What does Art is Magic mean to you?

It means a fun weekend in July that I look forward to each year where I get to feast on beautiful artists sharing their creative processes to inspire us all.

Why do you create art?

It feeds my soul. I have a day job in a technical industry and after a day of that, I crave the release of color and line and play in my art. My art is probably my closest companion and confident and where I can share my thoughts, secrets or just mindlessly play.

Tell us about your journey to become an artist?

There was always some art in my life, whether it was drawing and painting for an art competition in my little hometown, or working on an embroidery kit that my mom bought me every few years. But determined to pick a career that could finance my hobbies, I focused on that until I was degreed and safely employed and then I ran back to the closest university to take all the art studio classes I could. I loved learning new art techniques then and I still love learning them now.

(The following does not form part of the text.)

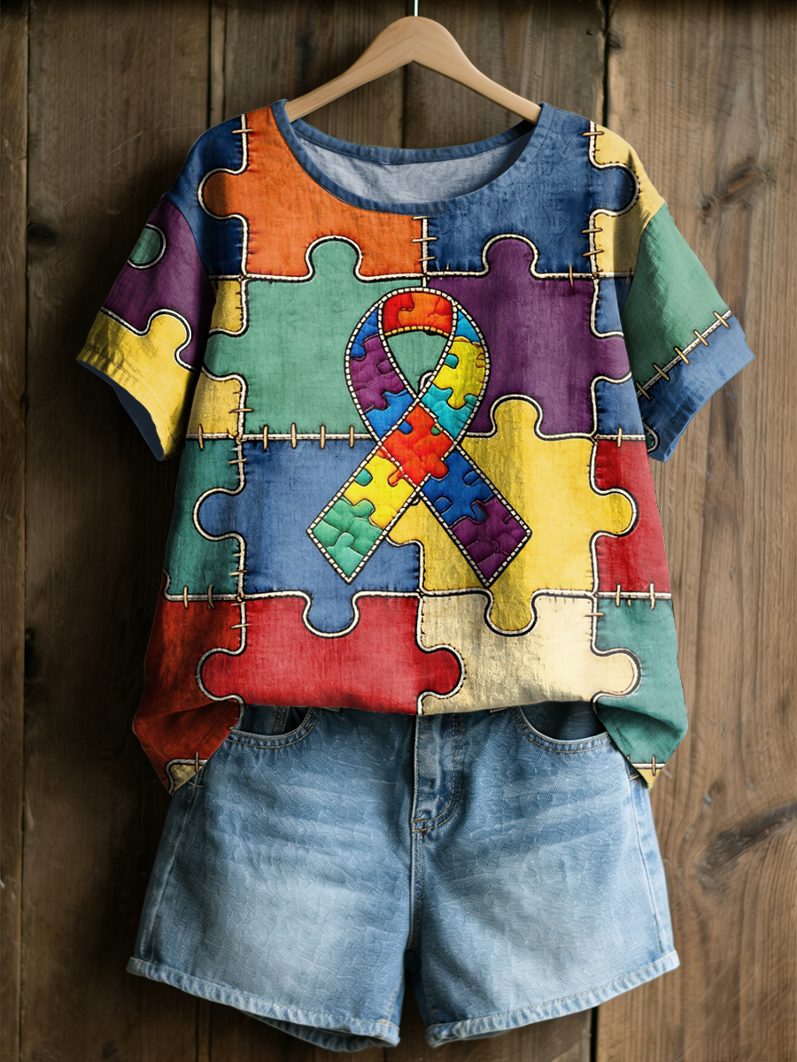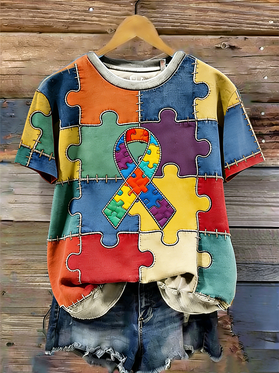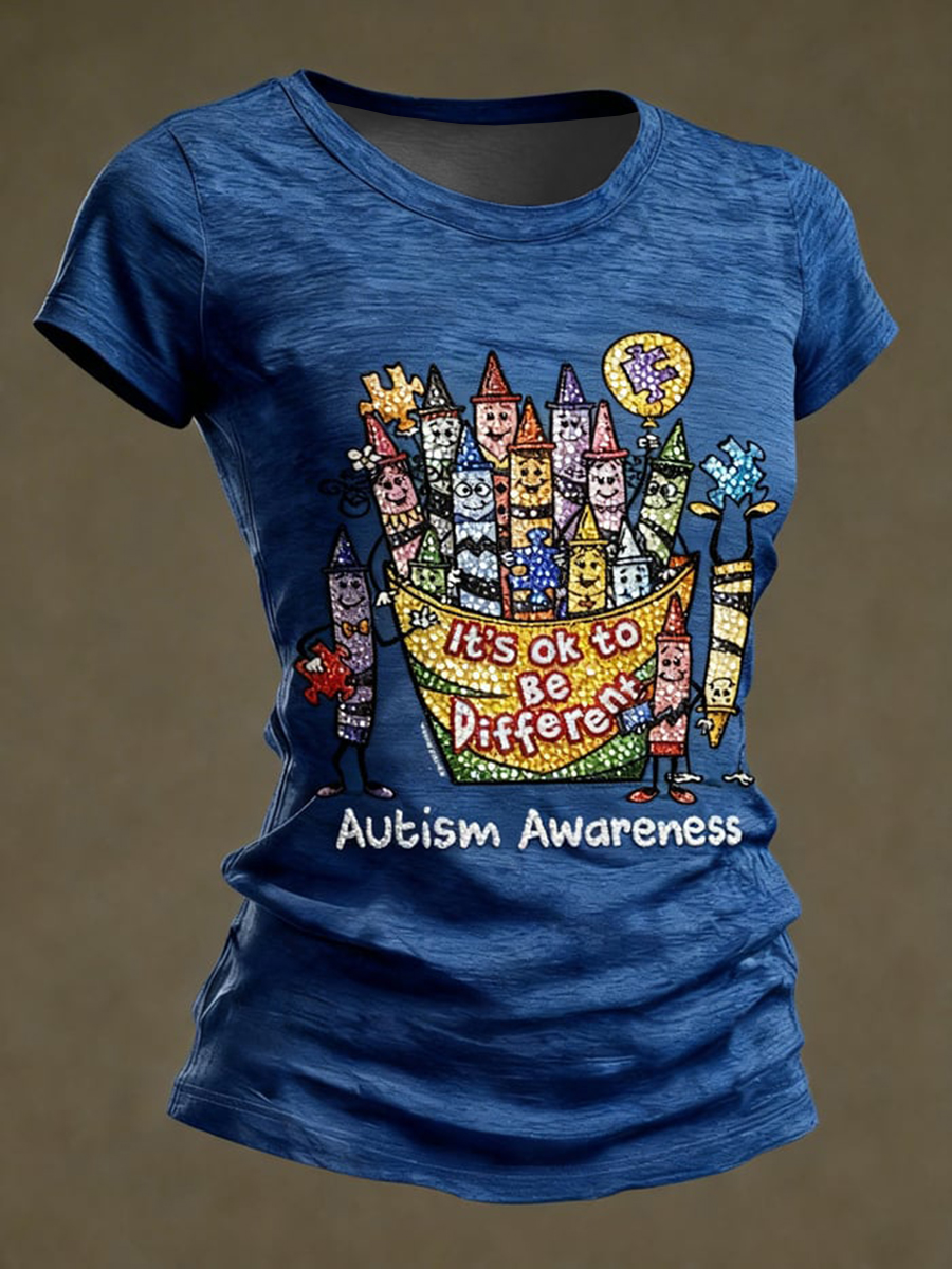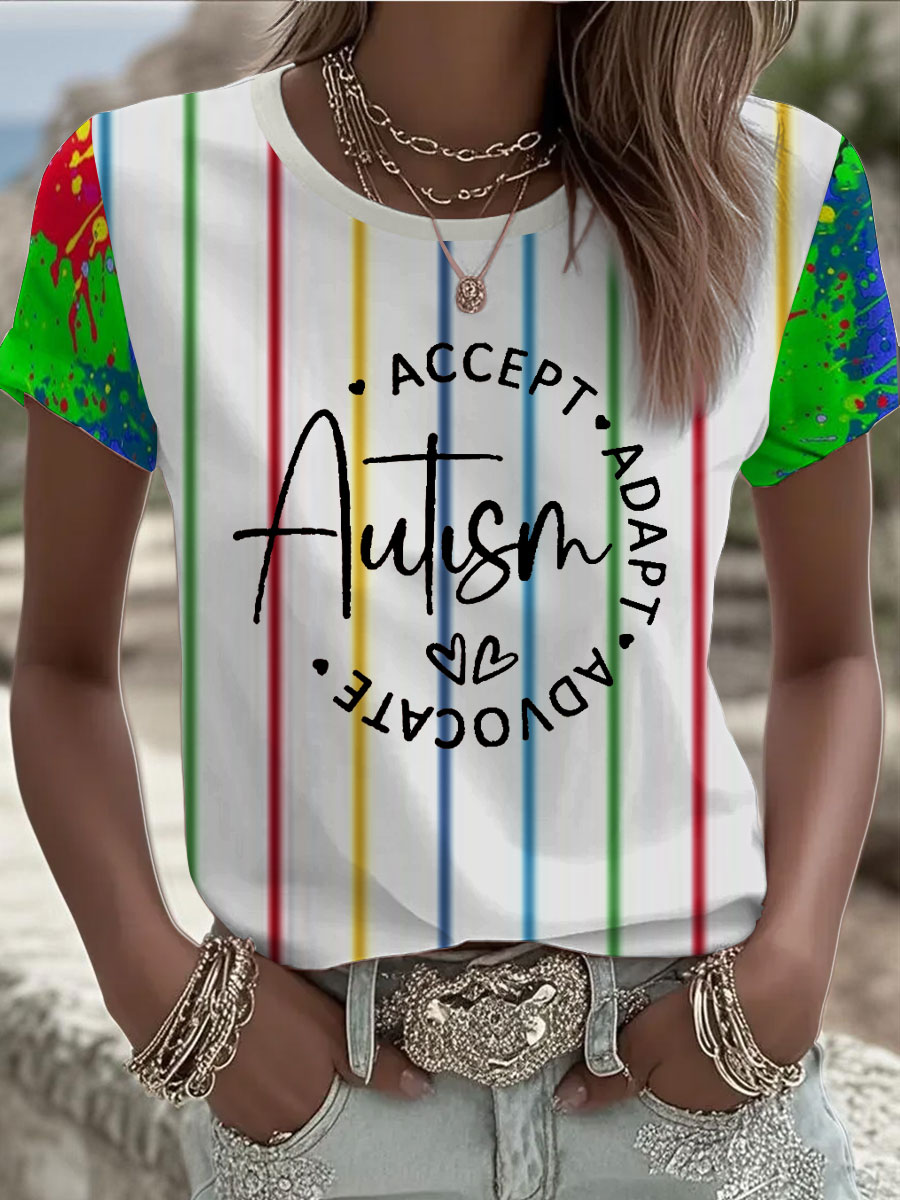 Women's Autism Awareness Printed Casual T-Shirt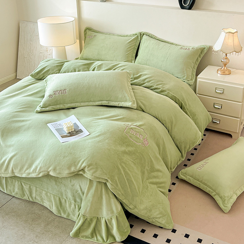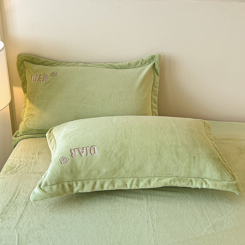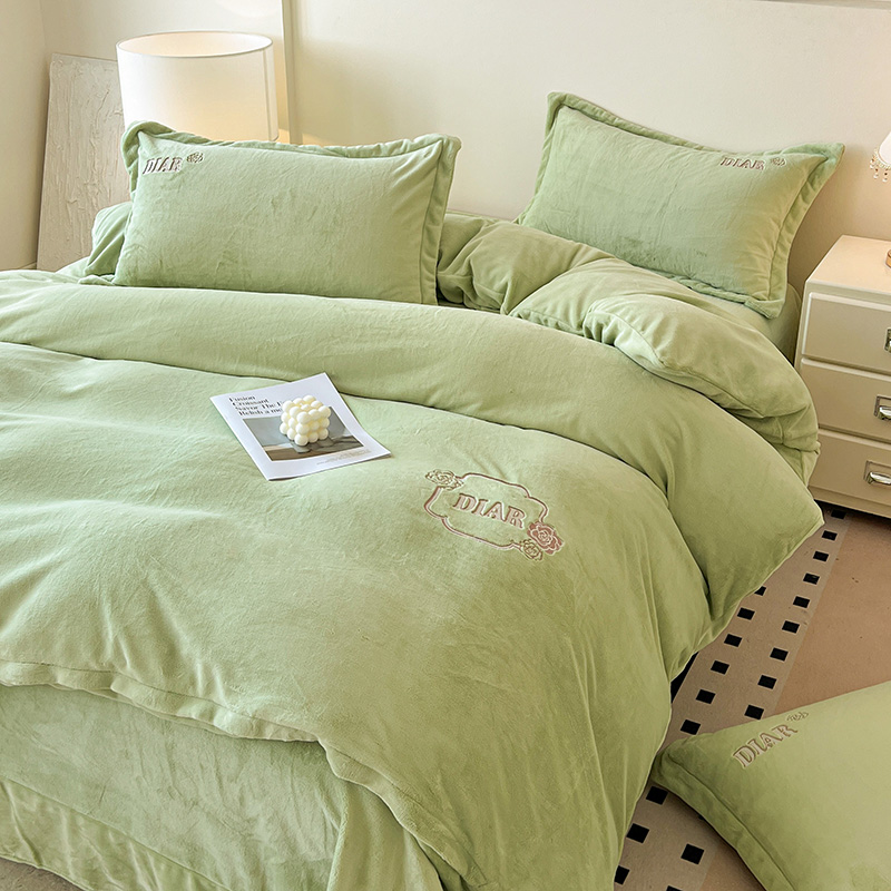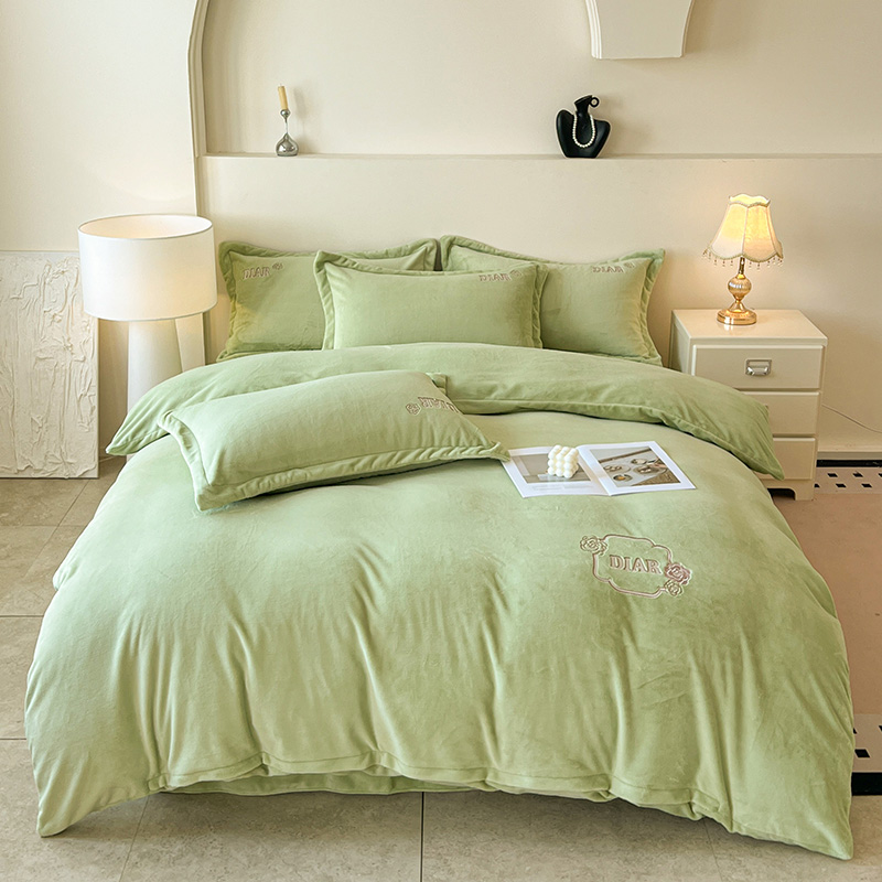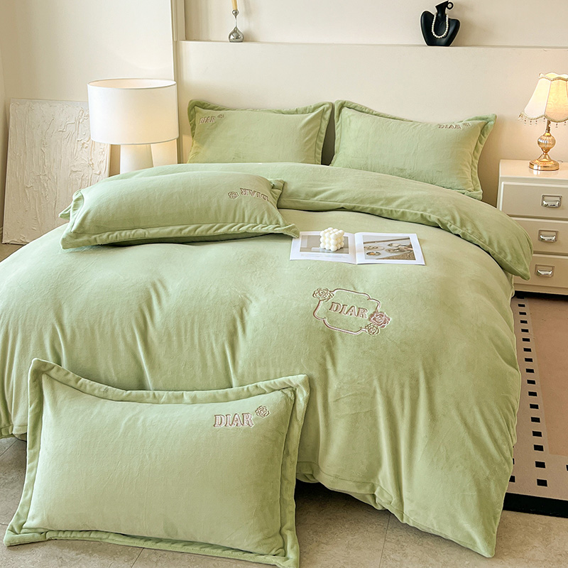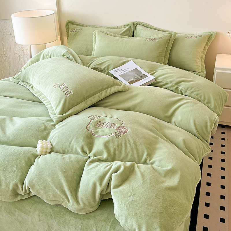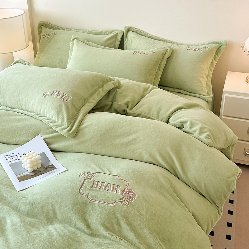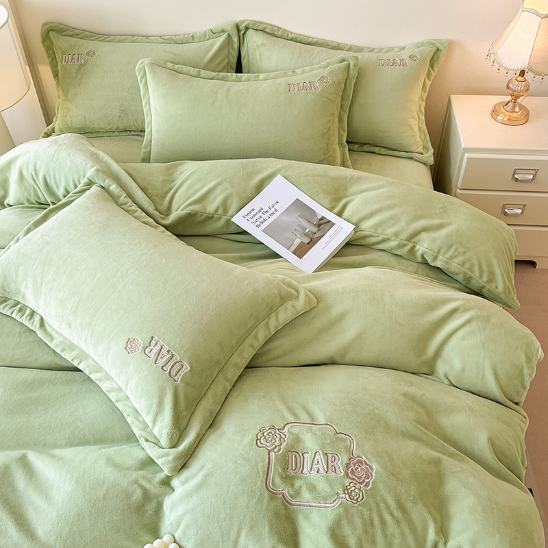 梦莱斯 2025全消光加厚牛奶绒四件套 - 山茶花系列 山茶花-绿

Tell us about your journey to claim the title artist?

I think it was when I went back to University to take my studio classes in sculpture and photography and sharing studios with some amazing other artists, that I started easing into the title of artist. I guess it wasn’t until years later, when I started setting up a booth to sale my work that concreted that title in and helped me to embrace the title with pride and honor.

What is it about making art that stirs your soul?

I think it’s in the ability to become completely lost in the process of creativity and lose track of time and sometimes what day it is. I like to immerse myself completely into whatever I’m working on, whether it be a children’s story that I’m re-interpreting, or a technique that I’m trying to figure out. This full immersion just feeds me and sometimes to the point where I have to take a break and join back into the real world.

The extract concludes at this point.